DATASET EXCERPTS
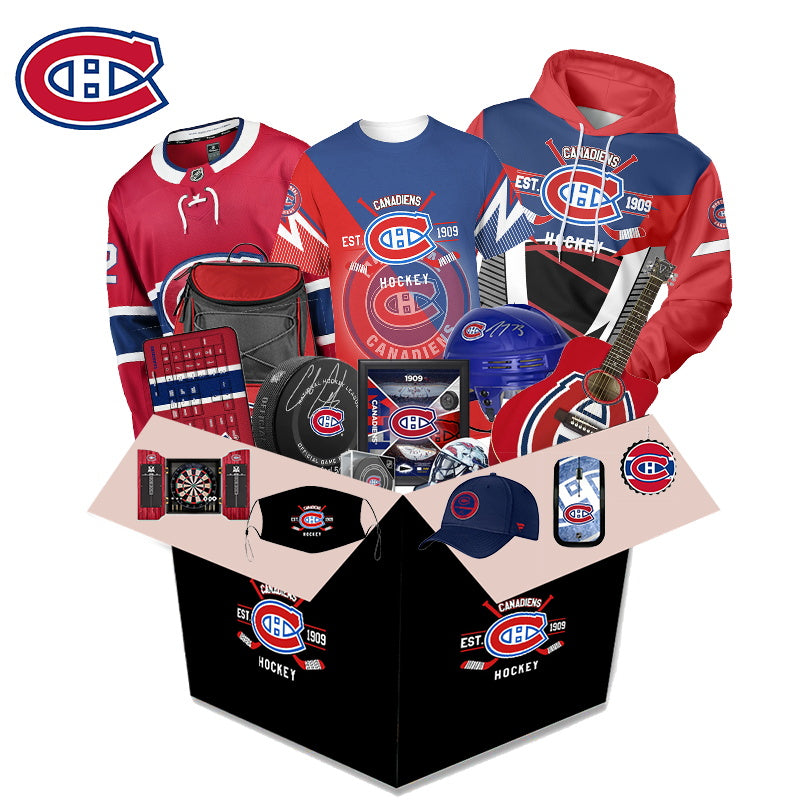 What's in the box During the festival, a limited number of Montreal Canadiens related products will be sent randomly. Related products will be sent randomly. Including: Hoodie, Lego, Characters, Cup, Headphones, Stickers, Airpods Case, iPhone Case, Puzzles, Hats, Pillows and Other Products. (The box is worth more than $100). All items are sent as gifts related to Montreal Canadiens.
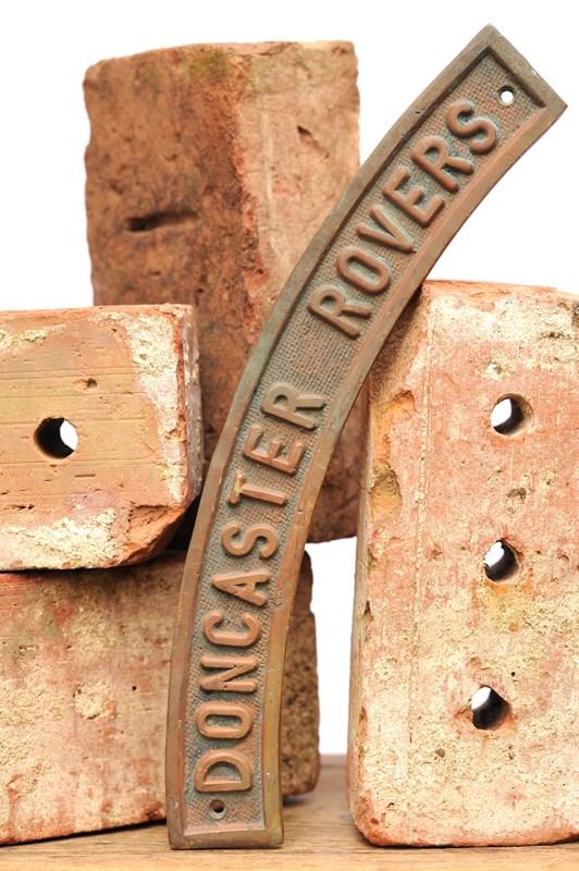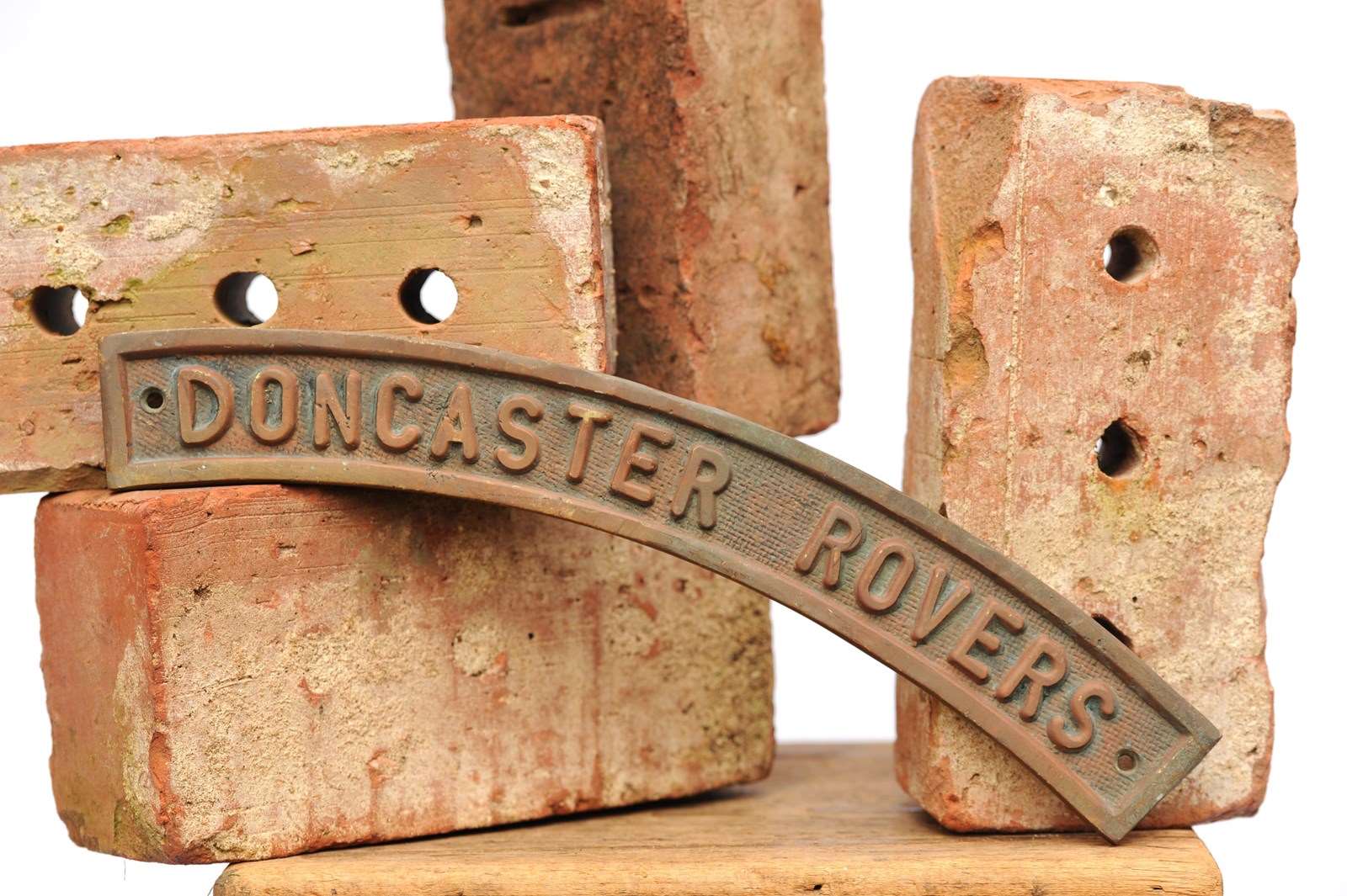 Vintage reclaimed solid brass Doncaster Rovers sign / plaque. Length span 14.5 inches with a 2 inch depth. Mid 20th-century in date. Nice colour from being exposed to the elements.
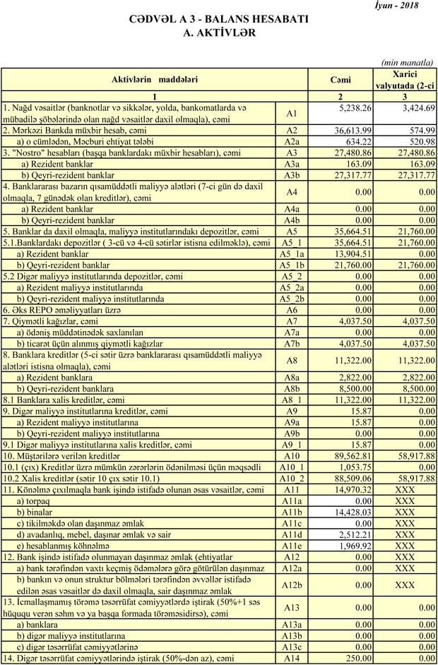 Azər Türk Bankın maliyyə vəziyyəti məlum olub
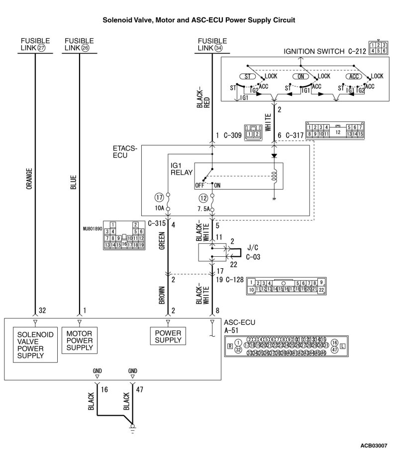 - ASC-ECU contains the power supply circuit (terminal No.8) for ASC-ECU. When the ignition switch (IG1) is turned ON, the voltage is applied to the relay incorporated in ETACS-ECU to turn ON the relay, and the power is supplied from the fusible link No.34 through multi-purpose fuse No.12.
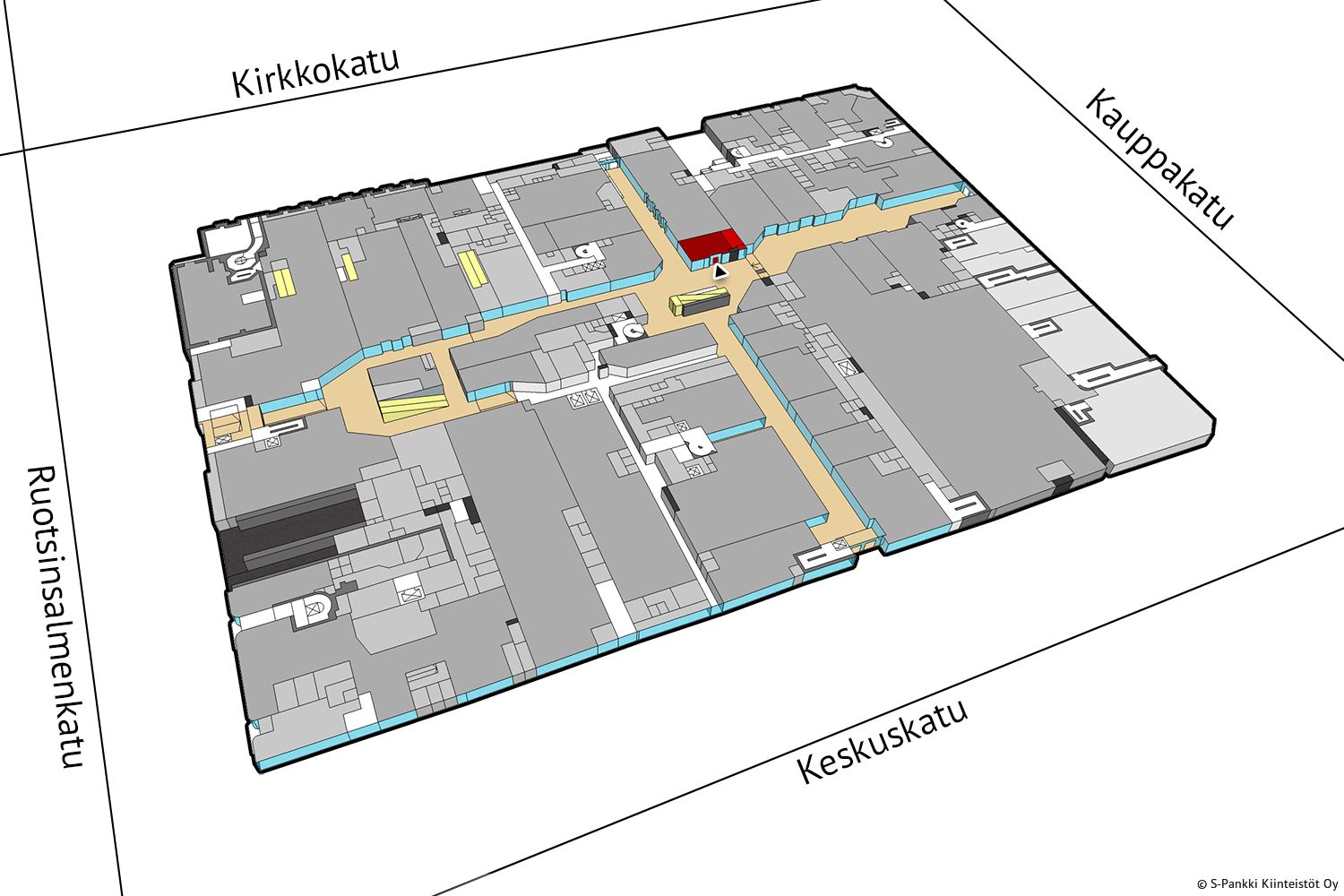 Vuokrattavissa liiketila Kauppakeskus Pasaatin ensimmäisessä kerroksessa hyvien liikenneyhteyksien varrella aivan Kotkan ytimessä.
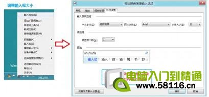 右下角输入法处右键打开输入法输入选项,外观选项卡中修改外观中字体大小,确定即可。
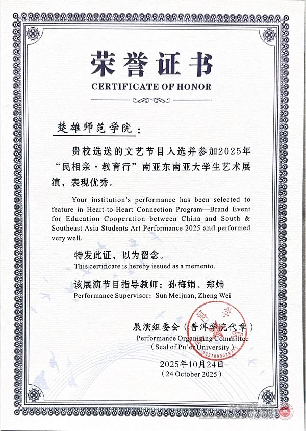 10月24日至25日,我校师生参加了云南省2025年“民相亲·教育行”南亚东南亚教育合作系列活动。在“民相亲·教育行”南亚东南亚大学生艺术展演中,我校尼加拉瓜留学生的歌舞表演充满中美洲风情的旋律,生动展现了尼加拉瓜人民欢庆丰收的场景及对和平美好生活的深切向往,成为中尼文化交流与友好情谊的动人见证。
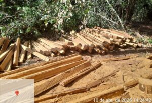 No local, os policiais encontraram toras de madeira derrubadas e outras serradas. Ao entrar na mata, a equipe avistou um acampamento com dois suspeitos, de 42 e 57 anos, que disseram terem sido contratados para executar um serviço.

WHAT THE TASK REQUIRES
Print again, exactly, the lines of the records above from the first line through the line with "- ASC-ECU contains". No pictures.

EXERCISE OUTPUT
 What's in the box During the festival, a limited number of Montreal Canadiens related products will be sent randomly. Related products will be sent randomly. Including: Hoodie, Lego, Characters, Cup, Headphones, Stickers, Airpods Case, iPhone Case, Puzzles, Hats, Pillows and Other Products. (The box is worth more than $100). All items are sent as gifts related to Montreal Canadiens.
 Vintage reclaimed solid brass Doncaster Rovers sign / plaque. Length span 14.5 inches with a 2 inch depth. Mid 20th-century in date. Nice colour from being exposed to the elements.
 Azər Türk Bankın maliyyə vəziyyəti məlum olub
 - ASC-ECU contains the power supply circuit (terminal No.8) for ASC-ECU. When the ignition switch (IG1) is turned ON, the voltage is applied to the relay incorporated in ETACS-ECU to turn ON the relay, and the power is supplied from the fusible link No.34 through multi-purpose fuse No.12.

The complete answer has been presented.